Ch'è la più incredula di tutte

le spose attempate.

Possa Dio migliorarla!

Amen.

Bevendo quest'aria più bella

Con narici gonfiate come bicchieri,

Senza avvenire, senza ricordi,

Così seggo qua,

Dilettissime amiche,

E guardo la palma,

Che, come una danzatrice,

Si curva, si piega, si culla sull'anca,

– la si imita mirandola a lungo!

Simile a una danzatrice che, mi pare

Troppo a lungo, pericolosamente a lungo,

Sempre, sempre soltanto sopra una gamba rimase?

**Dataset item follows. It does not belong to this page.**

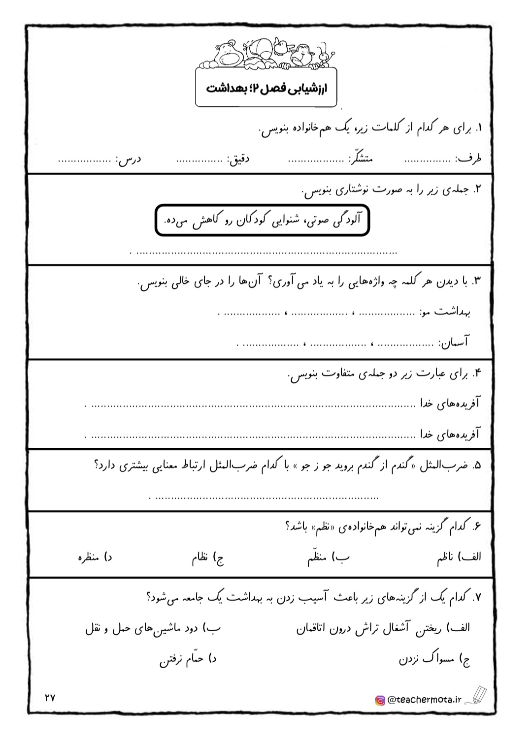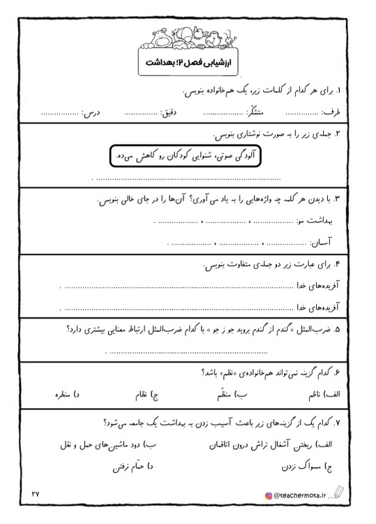 در پایان هر فصل مجموعه سوالاتی با عنوان « ارزشیابی فصل» جهت تکرار و تمرین و تثبیت یادگیری دانش آموز عزیز قرار داده شده است.

– essa dimenticò quindi, come mi sembra,

L'altra gamba?

Invano, almeno,

Io cercai il mancante

Tesoro gemello

– cioè l'altra gamba –

Nella santa vicinanza

Delle loro amabili, graziosissime,

Leggere, ondeggianti vesti a lamine.

Sì, se voi mie belle amiche

Volete credermi del tutto

Essa l'ha perduta!

Non c'è più!

Mai più!

L'altra gamba!

Oh, che peccato per l'altra amabile gamba!

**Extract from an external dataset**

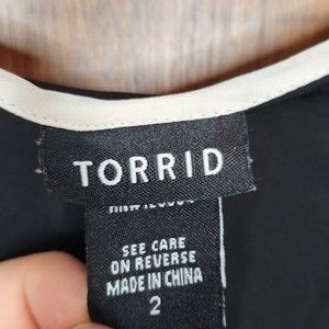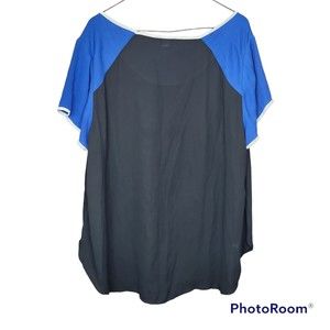 Torrid Blue And Black Colorblock Short Sleeve Chiffon Top White Trim Size 2X

Ove può indugiarsi e abbandonata dolersi?

La gamba sola?

Paurosa forse di

Un feroce, fulva la chioma,

Mostro leone?

Rosicchiata, sbriciolata...

Compassionevole, ahimè! Ahimè! Sela.

O non piangete,

Teneri cuori!

Non piangete,

Cuori di datteri! Semi di latte!

Cuori di liquorizia!

Non pianger più

Pallida Dudu!

Sii un uomo Suleika! Coraggio! Coraggio!

– Oppure bisognerebbe forse

Che ci fosse qui

Qualcosa di fortificante, fortificante per il cuore?

Una massima profumata,

Una massima solenne? –

Ah! Su, dignità!

Dignità della virtù! Europea dignità!

Soffia, soffia nuovamente

Soffietto di virtù!

Ah!

Urlare ancora una volta,

Urlare moralmente!

Come leone morale

Urlare dinanzi a le figlie del deserto!

– Giacchè gli urli della virtù,

Dilettissime fanciulle,

Son più di tutto

L'ardor dell'europeo, la fame vorace dell'europeo!

Ed ecco io sono già

Quale europeo,

Non posso far altrimenti, mi salvi Iddio!

Amen!

Cresce il deserto: guai a colui che nasconde deserti!